Welfare & Lavoro

#stopdiscriminatingdown, una petizione contro gli aborti selettivi

Una petizione chiede all'Onu di regolare i test genetici che identificano se il feto ha la sindrome di Down, utilizzandoli per migliorare il benessere del nascituro e non per abortirlo, come avviene invece nel 90 per cento dei casi

di Gabriella Meroni

Chi sarebbe d'accordo con l'aborto che riguarda i feti femmina, a cui in molti paesi è impedito di nascere soltanto perché "del sesso sbagliato"? L'aborto selettivo trova la maggior parte delle persone in forte disaccordo. Eppure, le cose cambiano quando il feto ha la sindrome di Down: in molti paesi dove sono diffusi i test genetici, il 90 per cento di questi feti viene abortito. Ora una petizione, lanciata dall'associazione Lejeune Usa e dal movimento Downpride, prova a ribaltare le cose opponendosi agli aborti selettivi e chiedendo al Segretario Generale delle Nazioni Unite, Ban Ki-moon, al Suo Alto Commissariato alle Nazioni Unite per i Diritti Umani e ad altre autorità internazionali di intervenire affinché lo screening genetico prenatale sia utilizzato per migliorare la cura e la salute delle persone, e non per discriminarle in base alle loro predisposizioni genetiche.

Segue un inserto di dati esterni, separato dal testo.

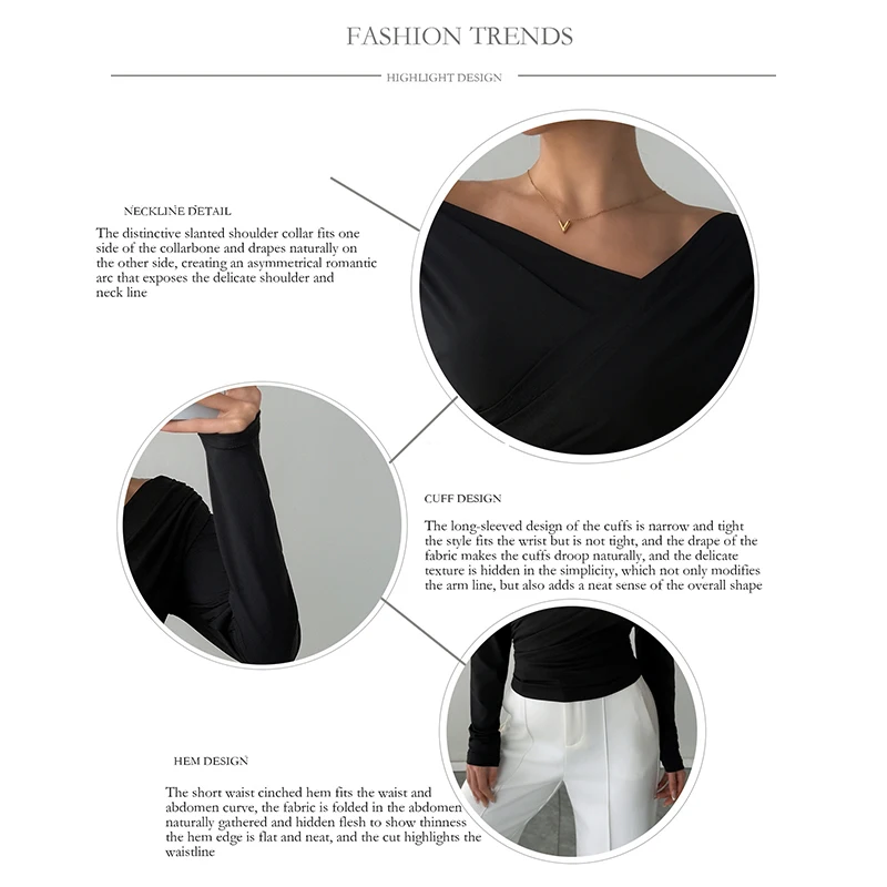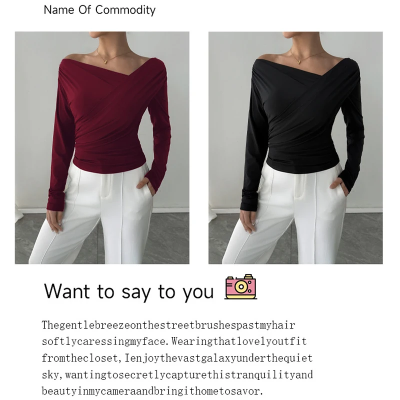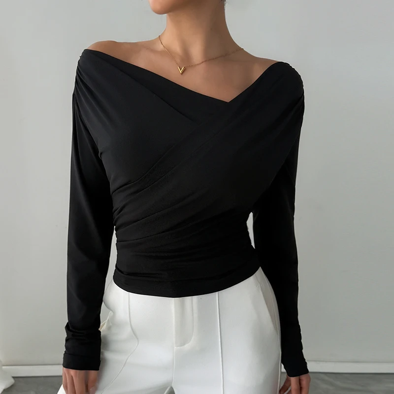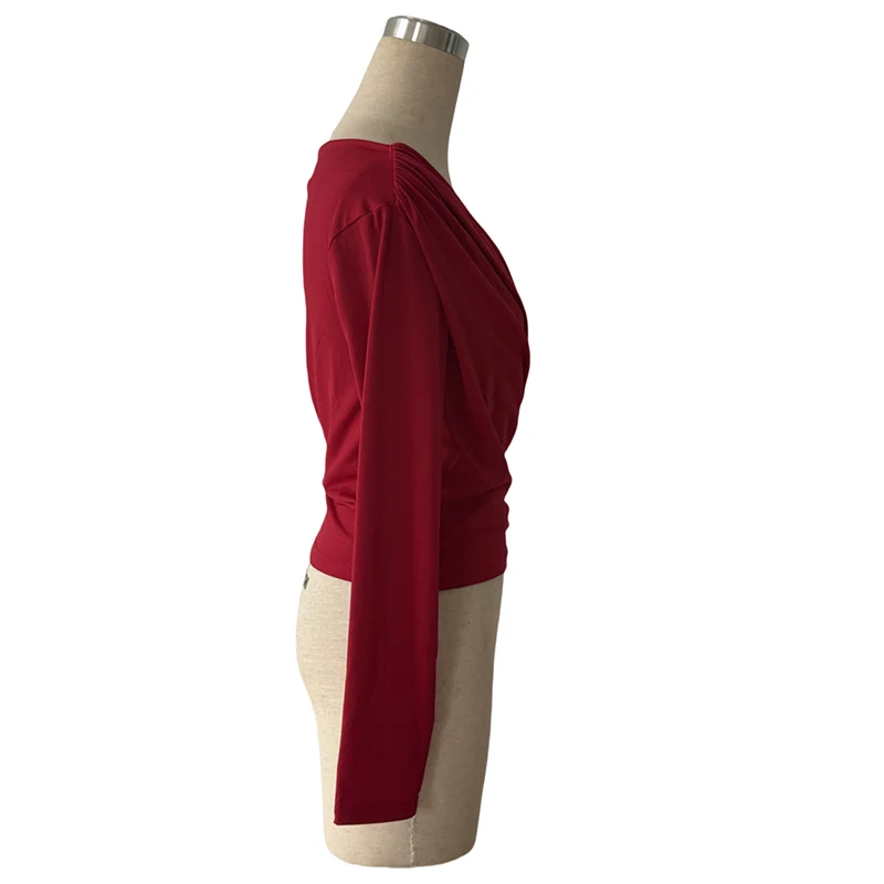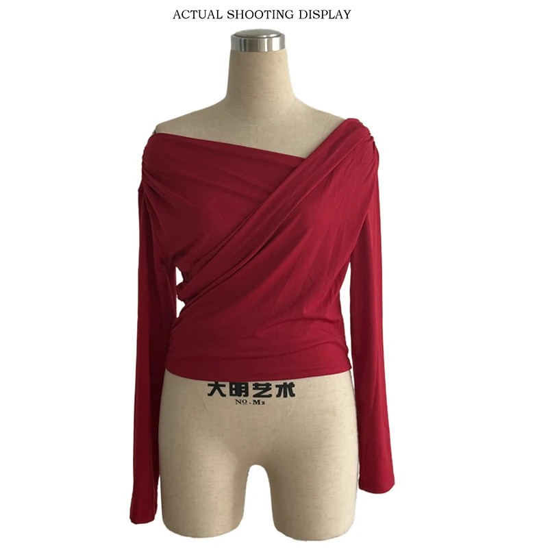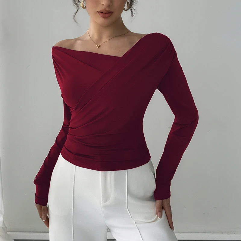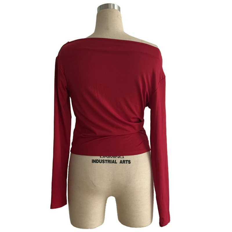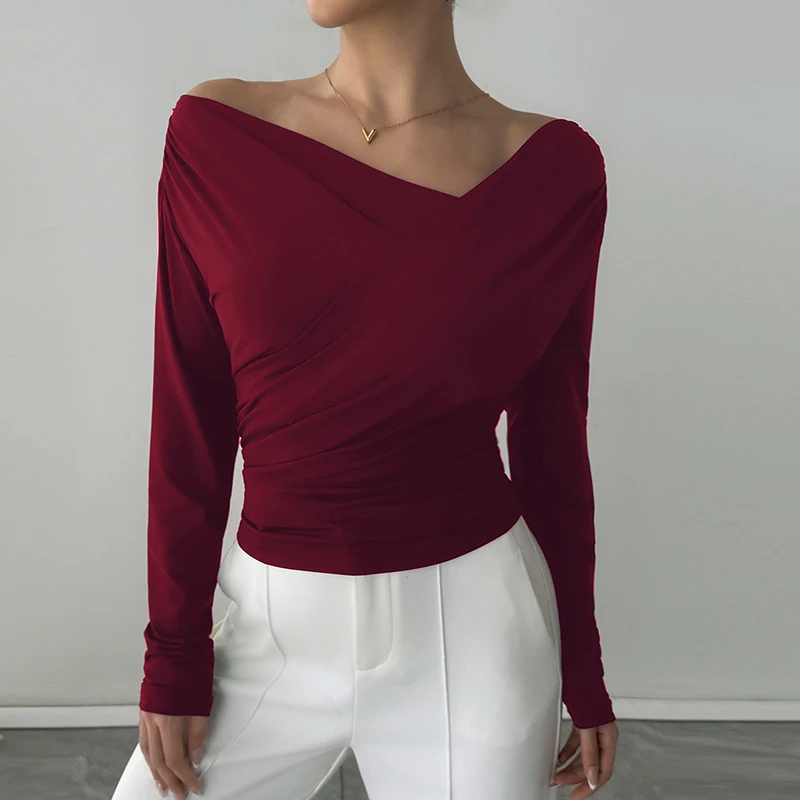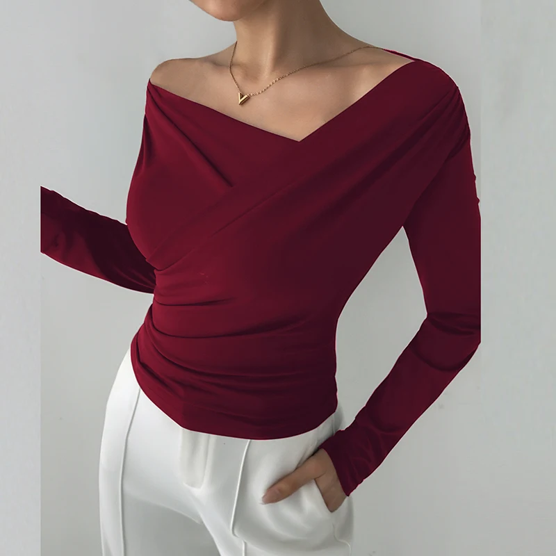 Top a maniche lunghe tinta unita moda donna T-shirt da ufficio femminile per donna Camicia elegante da donna autunnale Camicia basic rossa nera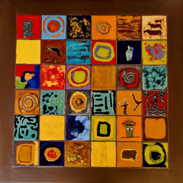 Des motifs géométriques et des représentations rupestres émergent en relief, ajoutant une dimension supplémentaire à l’œuvre.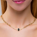 Made with sterling silver and finished in 24ct gold plating, this necklace features a natural Black Onyx gemstone at the centre for a touch of elegance. Perfect for any special occasion, elevate your style and take a bold risk with this stunning piece.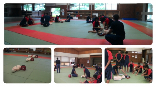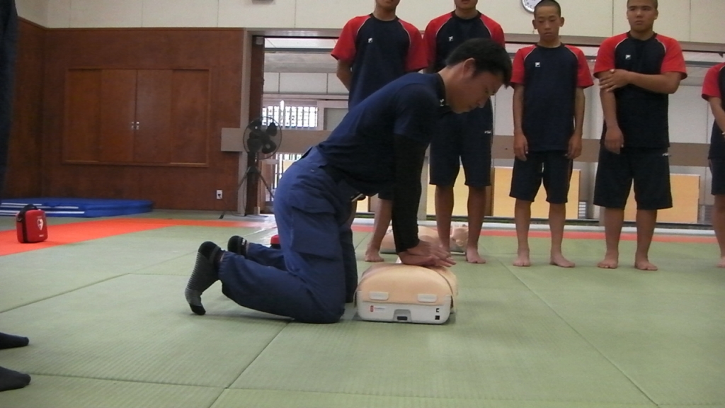 多良木中学校では、3時間講習を3年次に受講し、救命資格を取得していますが、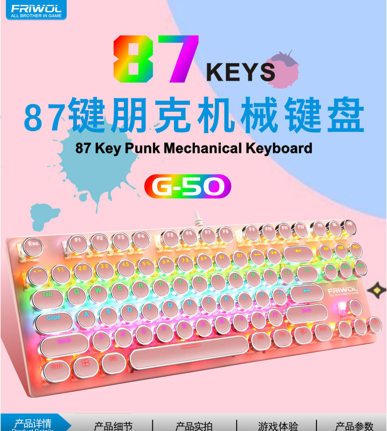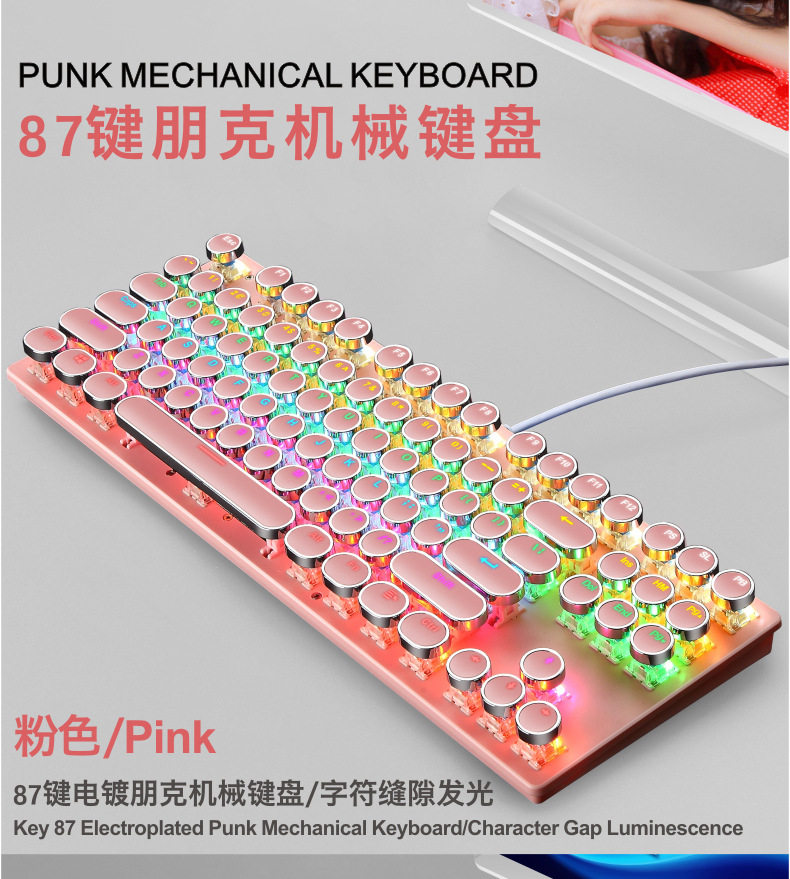 - Розовый 87-ключевая механическая клавиатура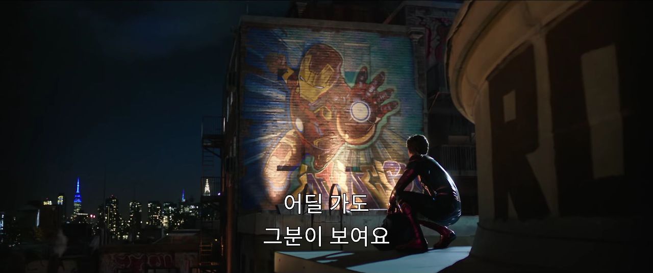 스파이더맨은 자신의 앞에 등장한 어마어마한 빌런이 '조작된 환상'이었음을 깨닫고 그곳을 향해 돌진한다. 그건, 자신을 짓눌렀던 어쩌면 또 하나의 조작된 환상일 수 있는, 신화가 된 아버지 아이언맨을 향한 돌진이요, 그저 어리숙한 착한 소년에 불과했던 자신의 지난날의 극복이다.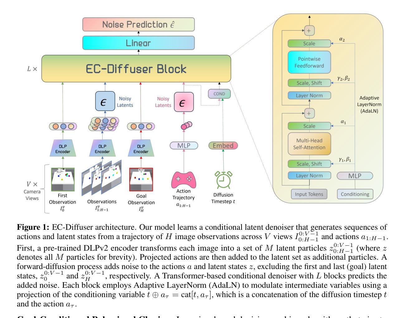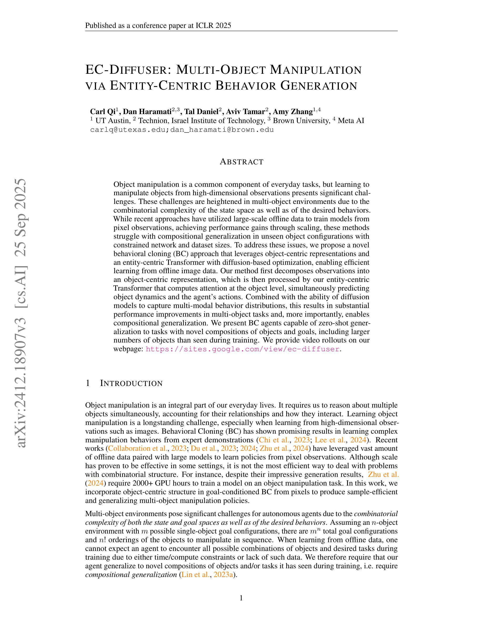 日常任务中常见物体操作这一环节,但从高维观察中学习物体操作仍存在诸多挑战。在多物体环境中,由于状态空间和所需行为的组合复杂性,这些挑战更为突出。虽然近期的方法利用大规模离线数据从像素观察中训练模型,并通过扩展实现性能提升,但这些方法在未见物体配置的组合泛化方面面临困难,且受网络和数据集大小的限制。为解决这些问题,我们提出了一种新型的行为克隆(BC)方法,该方法利用以物体为中心的表达和实体为中心的Transformer与基于扩散的优化,实现从离线图像数据的高效学习。我们的方法首先将观察结果分解为以物体为中心的表达,然后将其输入实体为中心的Transformer进行处理,该处理模块在物体层面计算注意力,同时预测物体动态和代理行为。结合扩散模型捕捉多模式行为分布的能力,这大大提高了多物体任务的性能,更重要的是,实现了组合泛化。我们展示了BC代理能够零样本泛化至具有新型物体和目标组合的任务,包括训练时未见过的更多物体。视频回放请见我们的网页:[网站链接](https://sites.google.com/view/ec-diffuser)。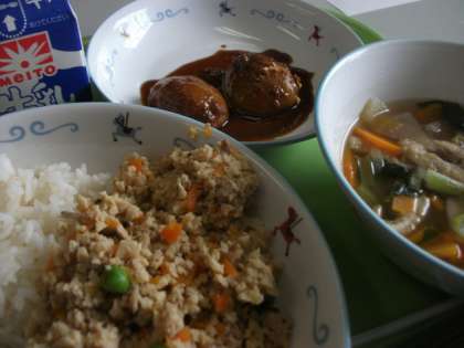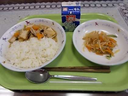 今日は「高野豆腐のそぼろ丼、のっぺい汁、月見団子の黒蜜がけ」でした。
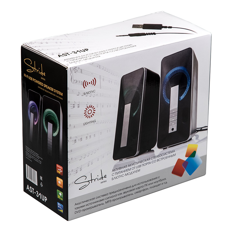 Мультимедийные колонки с Bluetooth, RGB подсветкой и питанием от USB Dialog Stride AST-31UP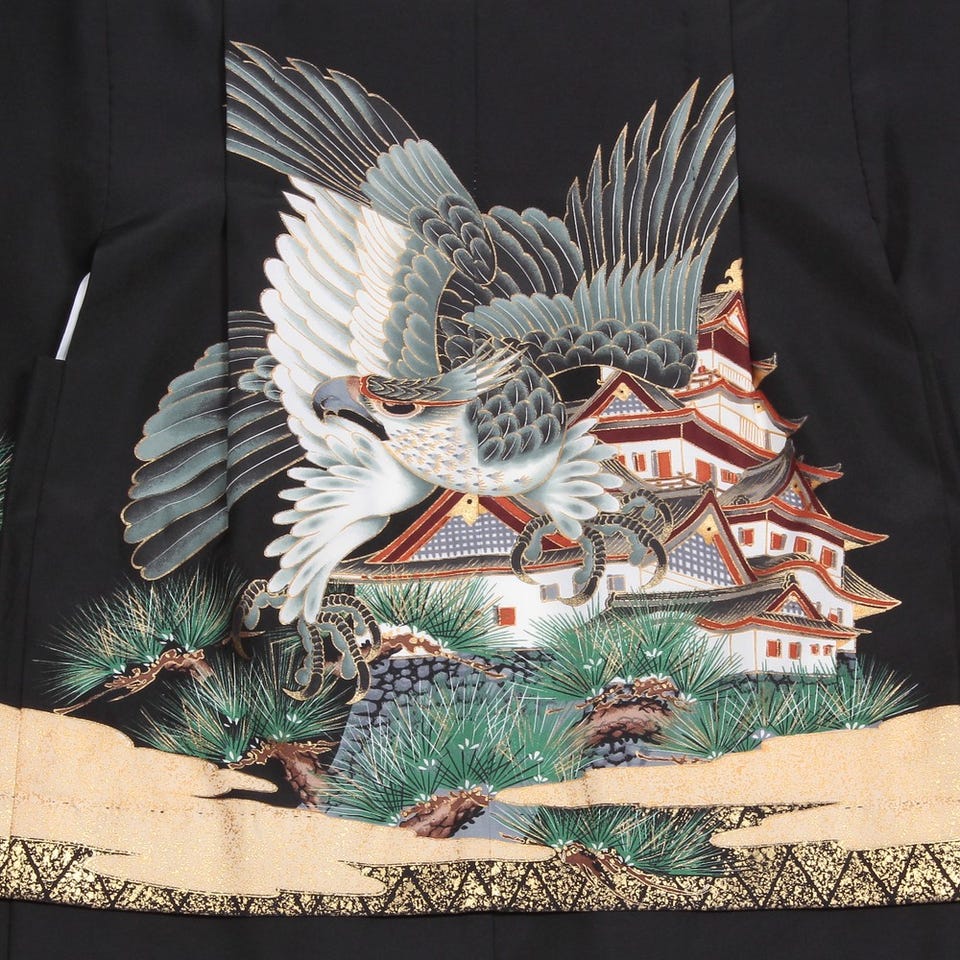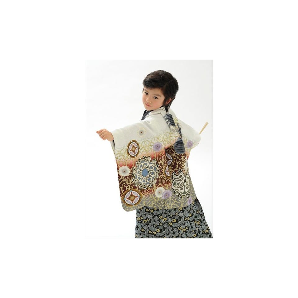 七五三/節句 袴セット 5歳 男の子 鷹 金色 選べる2色(白 / 黒) ホワイト

"Oggi, i bambini nati con sindrome di Down possono aspettarsi una vita lunga e di buona qualità", si legge nel testo della petizione, chde ha raccolto finora quasi 35mila firme. "La ricerca mostra che le persone con trisomia 21 e le loro famiglie hanno una migliore visione della vita rispetto ad altri". Secondo i promotori, la selezione dei feti su base genetica "è un crimine sociale e morale nei confronti dei disabili – che hanno grandi potenzialità – e le loro famiglie" e i programmi che identificano la sindrome di Down nel feto "sabotano i progressi compiuti nel corso degli ultimi 40 anni per promuovere una società d’uguaglianza e inclusiva". E concludono "In un mondo umano, le persone con la sindrome di trisomia 21 sarebbero accolte".